Glasgow Cathedral is the oldest surviving church in Scotland but it wasn’t on my list to visit at all. And yet, here I was. When I stepped inside it, the energy was very odd. I soon realised it was a church on top of a church on top of a church. The original building that had been set up by Mungo was built over in 6th century and then finally the huge cathedral that we see now was begun in the 13th century. It is one of only 2 cathedrals that survived the reformation in Scotland - the miracle is that it is still standing at all.

As I made my way down deeper and deeper into crypt where Mungo is held I began to feel so weak I could hardly walk ( I still hadn’t worked out just how sick I was - ignoring all the signs). I noticed a strange feature in the far corner of the crypt and realised it was a well. I later found out that this holy well was the site of huge medieval pilgrimages and it was the well that drew Mungo to this place - they had built the cathedral around the well.

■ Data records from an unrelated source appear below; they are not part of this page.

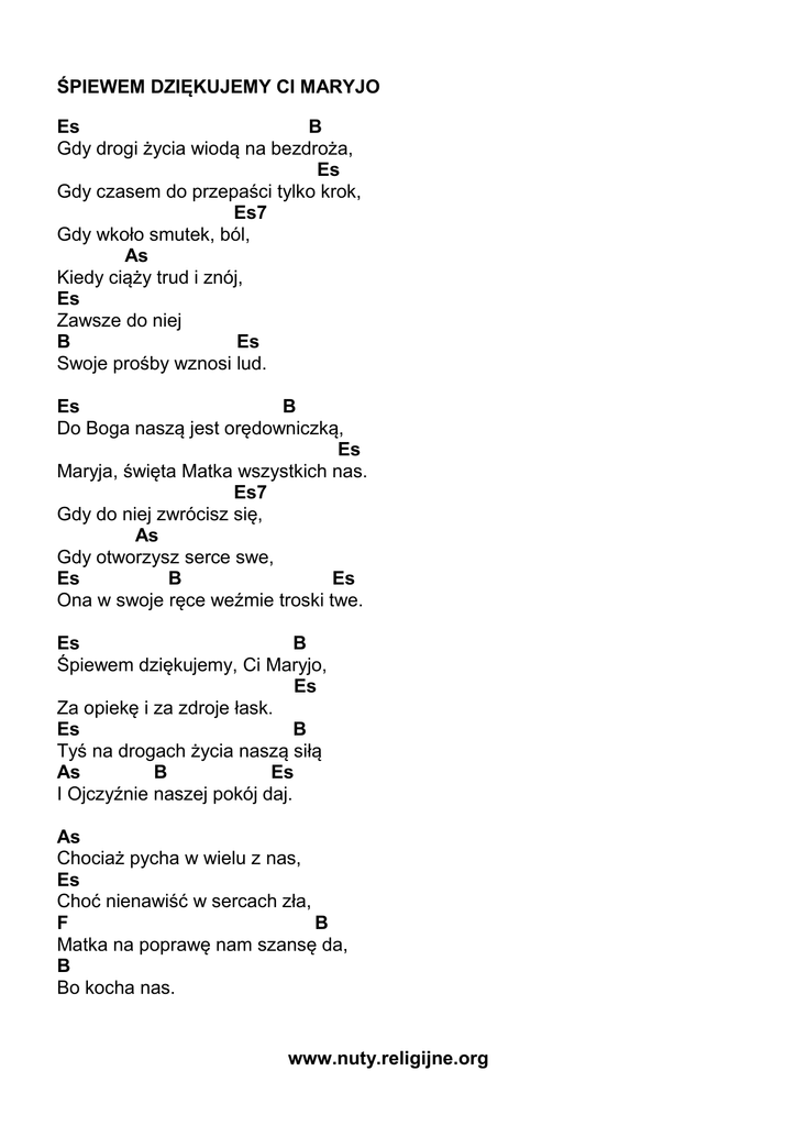 ŚPIEWEM DZIĘKUJEMY CI MARYJO Es B Gdy drogi życia wiodą na bezdroża, Es Gdy czasem do przepaści tylko krok, Es7 Gdy wkoło smutek, ból, As Kiedy ciąży trud i znój, Es Zawsze do niej B Es Swoje prośby wznosi lud. Es B Do Boga naszą jest orędowniczką, Es Maryja, święta Matka wszystkich nas. Es7 Gdy do niej zwrócisz się, As Gdy otworzysz serce swe, Es B Es Ona w swoje ręce weźmie troski twe. Es B Śpiewem dziękujemy, Ci Maryjo, Es Za opiekę i za zdroje łask. Es B Tyś na drogach życia naszą siłą As B Es I Ojczyźnie naszej pokój daj. As Chociaż pycha w wielu z nas, Es Choć nienawiść w sercach zła, F B Matka na poprawę nam szansę da, B Bo kocha nas. www.nuty.religijne.org Śpiewem dziękujemy, Ci Maryjo, Za opiekę i za zdroje łask. Do ciebie cały rok pielgrzymujemy, By w twoich sanktuariach modlić się. Tam przecież w każdy czas Z miłością witasz nas, Nasze modły niesiesz aż po Boży tron. Śpiewem dziękujemy, Ci Maryjo, Za opiekę i za zdroje łask. Tyś na drogach życia naszą siłą I Ojczyźnie naszej pokój daj. Chociaż pycha w wielu z nas, Choć nienawiść w sercach zła, Matka na poprawę nam szansę da, Bo kocha nas. Śpiewem dziękujemy, Ci Maryjo, Za opiekę i za zdroje łask. Chociaż pycha w wielu z nas, Choć nienawiść w sercach zła, Matka na poprawę nam szansę da, Bo kocha nas. Śpiewem dziękujemy, Ci Maryjo, Za opiekę i za zdroje łask. www.nuty.religijne.org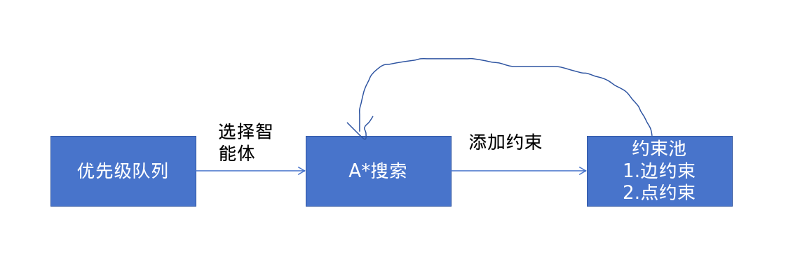 高优先级的路径搜索出之后,每条路径就会产生点约束和边约束,低优先级在满足点约束和边约束的情况下进行A*搜索,搜索出一条路径。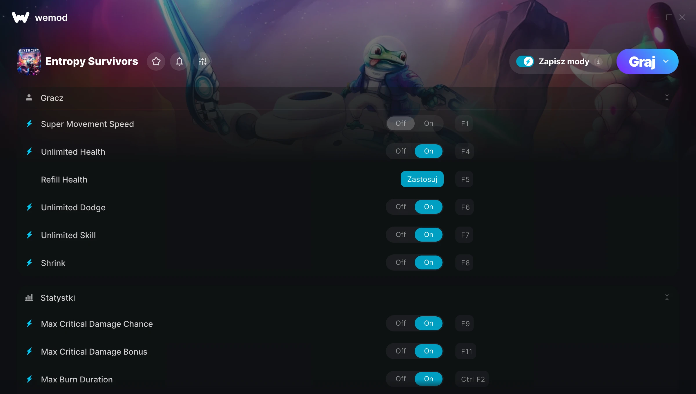 85MB Windows ...lub odwiedź nas na swoim komputerze, aby pobrać aplikację Pobierz Super szybkość ruchu, Mnożnik Prędkości Ruchu & 31 inny mod for Entropy Survivors with WeMod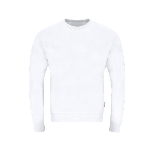Unisex sweater van biologisch katoen en gerecycled polyester, in zachte quilted fleece van 280 g/m². Met elastische ribgebreide kraag, manchetten en tailleband. Kraag, manchetten en tailleband in ribgebreide spandex.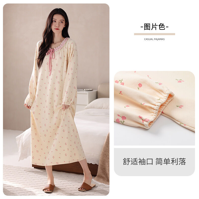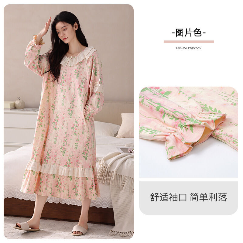 純棉女士睡裙春秋季長袖睡衣中長裙2025新款甜美寬松可外穿家居服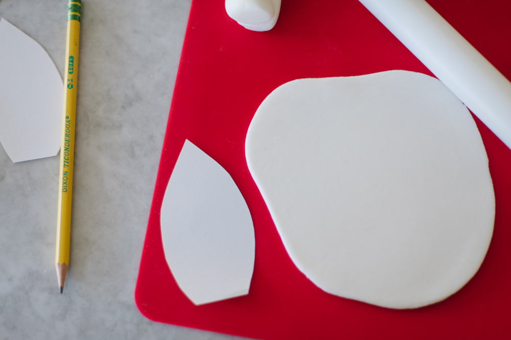 Roll the fondant out on the silicon mat and then cut out with the knife.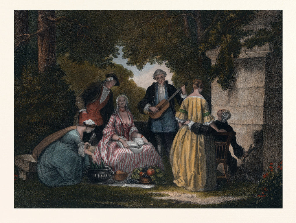Wine, Music, Party, in the Garden, Wine Bottles, Grapes, Fruit Basket, Music Instrument, 19th Century, Liszt Gourmet Archive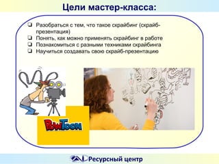Мастер-класс по скрайбингу, проведенный Еленой Владимировной Сиркиз, нацелён на изучение техники создания скрайб-презентаций, включая применение различных методов, подбор оборудования и материалов, а также процесс создания и монтажа видео. Участники научатся создавать команды, разрабатывать сценарии, рисовать и озвучивать свои презентации. Документ подробно описывает преимущества и недостатки скрайбинга, а также предоставляет советы по организации процесса.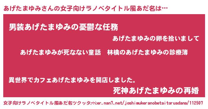 | ヘコむあだ名 | 『あげ太郎』『あげたまゆみ(笑)』 |

I then climbed stairs to the entrance of what is called Blackadder’s Aisle and on the threshold of stepping into this strange white room, I realised I couldn’t lift my feet. I could not walk a step further. I pretended to be fiddling with my camera as I was frozen in place on the stairs and people had to step around me, I was so freaked out I couldn’t work out what was happening. I looked up at the ceiling inside Blackadder’s Aisle and this is the face that looked down at me from the ancient beams.

I found I could move my legs again and slowly slowly made my way out of the cathedral. Out on the street, within minutes I could stand up straight and walk normally again.

When I got home from this pilgrimage I did the research and found that St Mungo’s shrine and well was the centre of pilgrimage in medieval Glasgow - my own ancestors who lived around Glasgow would have absolutely made this pilgrimage in their time. As I was writing this newsletter I began to research the significance of the Blackadder’s Aisle and why it had felt so completely different to the rest of the cathedral and found out that it had been built over an ancient graveyard linked to Mungo’s pilgrimage site at the well.

Whose feet had walked those same steps? Had I stepped into a memory held in the stones, the ghost of a pilgrim who had come seeking a cure for their crippled legs or illness? Had I met my own ancestor?

I will never know and I will never forget it. This pilgrimage as difficult as it was, helped me to create a completely new relationship to my body and health and I returned home to give up sugar completely and heal inflammation in my body. This shadow pilgrimage gave me a new life.